Arsmirandite and lehmannite are visually indistinguishable. Both minerals typically occur as solid or, more commonly, interrupted crusts consisting of well-shaped or coarse crystals (Fig. 1, a–c), which overgrow basalt scoria and crusts of As-bearing sanidine, hematite or johillerite. Areas covered by interrupted crusts of the new minerals may reach 2 × 3 cm². The crusts are usually not thicker than 50 μm, rarely up to 0.5 mm thick. Open-work clusters of arsmirandite and lehmannite crystals occur in cavities. Separate crystals of both new minerals are typically not larger than 5 μm across but some crystals are up to 20 × 20 × 30 μm³ in size. Crystals are equant, thick tabular or short prismatic with pyramid-like terminations; they are probably shaped by faces of pinacoids and orthorhombic prisms (symmetry class 2/m) that typically give the combination looking as a rhombic dodecahedron or cuboctahedron, distorted or almost perfect (Fig. 1, a, c); some crystals are more complex in shape. Cyclic interpenetration twins morphologically very similar to the twins well-known for the zeolites of the phillipsite series are common for arsmirandite (Fig. 1, b). Epitactic overgrowths of tiny lehmannite crystals on much bigger crystals of arsenatrotitanite, an arsenate with the idealized formula NaTiO(AsO₄) and a titanite-type structure (Pekov et al., 2019), have been observed (Fig. 1, d). Lehmannite also forms open-work pseudomorphs after bunches of board- or sword-shaped crystals of an unidentified mineral. The fine-grained, earthy aggregates, sometimes intimately intergrown with As-bearing sanidine or Na-bearing sylvite, are typical for both new minerals.

Fig. 1.

Morphology of crystals and aggregates of arsmirandite and lehmannite: a – crystal crust of arsmirandite, b – interpenetration twins of arsmirandite, c – lehmannite crystals, d – tiny crystals of lehmannite resembling rhombic dodecahedra epitactically overgrowing crystals of arsenatrotitanite. SEM (SE) images. Рис. 1. Морфология кристаллов и агрегатов арсмирандита и леманнита: a – корочка кристаллов арсмирандита, b – двойники прорастания арсмирандита, c – кристаллы леманнита, d – мелкие кристаллы леманнита, по форме напоминающие ромбододекаэдр, эпитаксически нарастают на кристаллы арсенатротитанита. РЭМ-фотографии во вторичных электронах.

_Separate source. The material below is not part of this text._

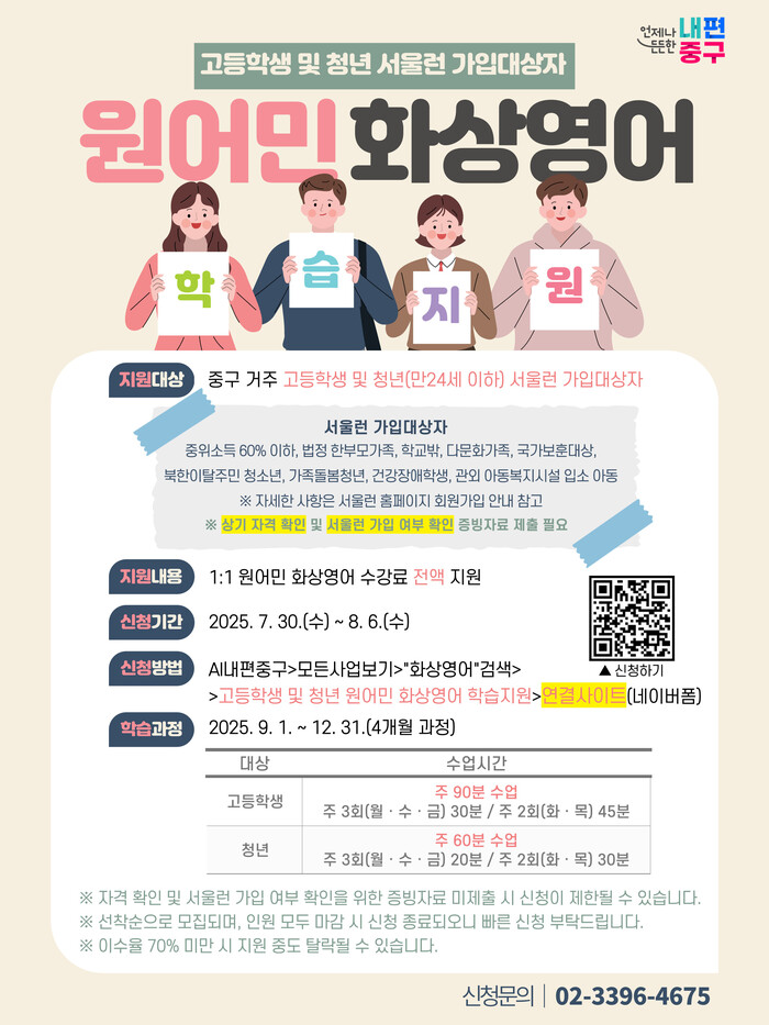 이번 사업은 구가 서울시의 ‘2025 원어민 화상영어 시범사업 공모’에 선정돼 추진하게 됐다. 구는 이를 통해 교육 소외계층의 학습 격차를 줄이고, 글로벌 역량을 갖춘 인재로 성장할 수 있도록 적극 지원할 계획이다.

PHYSICAL PROPERTIES AND OPTICAL DATA

Arsmirandite and lehmannite are dark greyish green with an olive hue to olive-greenish black in separate crystals and green or greyish green to olive-drab in earthy aggregates. The crystals have strong vitreous lustre. Both minerals are megascopically almost opaque but thin sections are translucent, dark green. Streak is greyish green with an olive hue. The minerals are brittle. Cleavage or parting is not observed. The fracture is uneven (observed under the scanning electron microscope). The mean micro-indentation hardness (VHN) of lehmannite is 416, range is 339–537 kg mm^–2 (load 100 g). Mohs’ hardness was not measured directly because of the small size of crystals of both minerals, the value estimated for lehmannite from the micro-indentation hardness is ca. 4½. Density could not be measured because of the small size of crystals and porous character of aggregates. Density values calculated using the empirical formulae are 3.715 and 3.676 g cm^–3 for arsmirandite and lehmannite, respectively.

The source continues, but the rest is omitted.